Nevada Revised Statutes Chapter 603A, United States

consumer rights under Nevada privacy law

In 2017, Nevada passed the Nevada Revised Statutes Chapter 603A (“Nevada Privacy Law”) to protect Nevada consumers. The law requires operators to post a Privacy Policy on their website or online service.

In 2019, Nevada updated the law to require operators to provide a way for consumers to opt-out of the sale of their personal information. This guide will explain a consumer’s rights under the Nevada Privacy Law and answer the following:

  • What are Nevada 603a consumer rights?
  • How the Nevada Privacy Law protects consumers.

What are Nevada 603a consumer rights? 

Fair information practices protect consumers

In the 1970s, government groups and business organizations voluntarily developed the Fair Information Practice Principles for governing the use of personal information. In 1973, a federal government committee published a report about these principles in Records, Computers, and the Rights of Citizens.

The committee recommended “five basic information principles” that became known as the Fair Information Practices (“FIP”). The principles of FIP are:

  1. There must be no personal data record-keeping systems whose very existence is secret.
  2. There must be a way for a person to find out what information about the person is in a record and how it is used.
  3. There must be a way for a person to prevent information about the person that was obtained for one purpose from being used or made available for other purposes without the person’s consent.
  4. There must be a way for a person to correct or amend a record of identifiable information about the person.
  5. Any organization creating, maintaining, using, or disseminating records of identifiable personal data must assure the reliability of the data for their intended use and must take precautions to prevent misuses of the data.

Over the years, lawmakers used the FIP principles as the basis for formulating federal laws, including the Privacy Act of 1974 and the Freedom of Information Act. The FIP principles promote certain rights for consumers when a business handles their personal information. The FIP principles include:

  • Transparency
  • Accountability
  • Choice
  • Accuracy
  • Use Limitation

Nevada applies FIP principles to establish consumer rights under the Nevada Privacy Law. As a result, the law gives consumers control over their personal data.

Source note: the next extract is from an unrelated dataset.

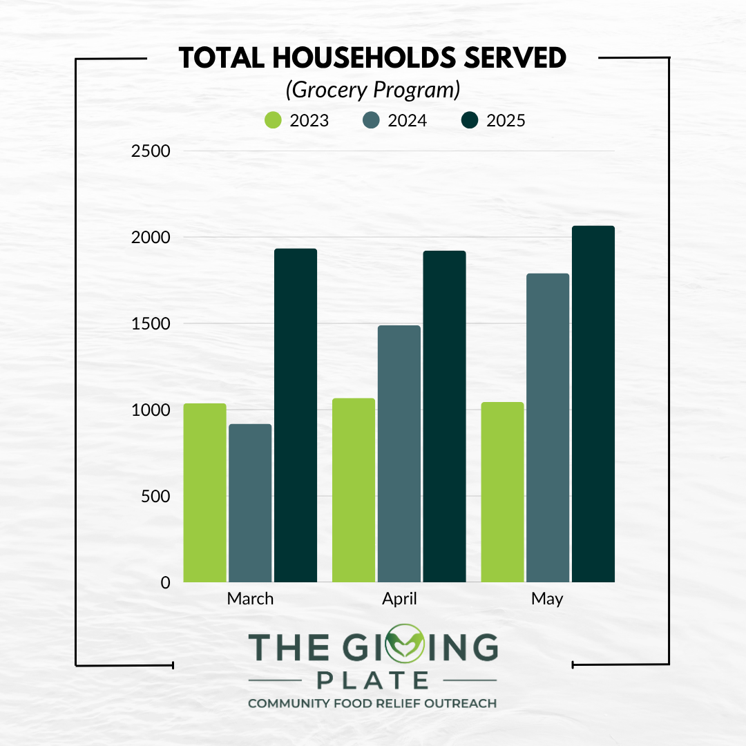 We are already serving 30% more families in 2025 than we did on average in 2024. And last year, we experienced a 40% increase over 2023. The need is growing—exponentially. Just take a look at this graph comparing the past three months in our Grocery Program:

Nevada provides protection for online consumers

The Nevada Privacy Law is under the Nevada Revised Statutes Chapter 603A, which is named: “Security and Privacy of Personal Information.” This statute holds a business accountable for how it handles the consumer data that it collects. Chapter 603A has two parts:

  • The first part (sections 10 – 290) covers the Nevada Data Security Law
  • The last part (sections 300 – 360) covers the Nevada Privacy Law

Every state in the U.S. has a data breach notification law. The Nevada Data Security Law requires a “data collector” to take reasonable security measures to protect a person’s data and inform the person of an unauthorized access of their information.

Nevada is among a few states in the U.S. to enact a data privacy law. The Nevada Privacy Law requires an operator to post a policy about its practices of handling consumer data. The law requires an operator of a website or online service to:

  1. Post a Privacy Policy that describes an operator’s data collection and data sharing practices
  2. Provide an opt-out method in the Privacy Policy to prevent the sale of a consumer’s covered information

The Nevada Privacy Law defines a “consumer” as “a person who seeks or acquires, by purchase or lease, any good, service, money or credit for personal, family or household purposes from the Internet website or online service of an operator.”

Under the Nevada Privacy Law, an “operator” is a person who:

  1. Owns or operates an Internet website or online service for commercial purposes;
  2. Collects and maintains covered information from consumers who reside in Nevada and use or visit the Internet website or online service; and
  3. Conducts business in Nevada.

The Nevada Privacy Law provides a list of items that are “covered information” of PII about a consumer. Covered information includes one or more of the following items:

  1. A first and last name
  2. A home or other physical address which includes the name of a street and the name of a city or town
  3. An electronic mail address
  4. A telephone number
  5. A social security number
  6. An identifier that allows a specific person to be contacted either physically or online
  7. Any other information concerning a person:
    • Collected from the person through the Internet website or online service of the operator, and
    • Maintained by the operator in combination with an identifier in a form that makes the information personally identifiable

Posting a Privacy Policy makes consumers aware of how an operator uses their data. A Privacy Policy offers:

  • Consumer education
  • Business accountability

The 2019 amendment to the Nevada Privacy Law requires operators to disclose in their Privacy Policy whether they sell the consumer data that they collect. The amendment also requires that consumers can opt-out of the sale of their data.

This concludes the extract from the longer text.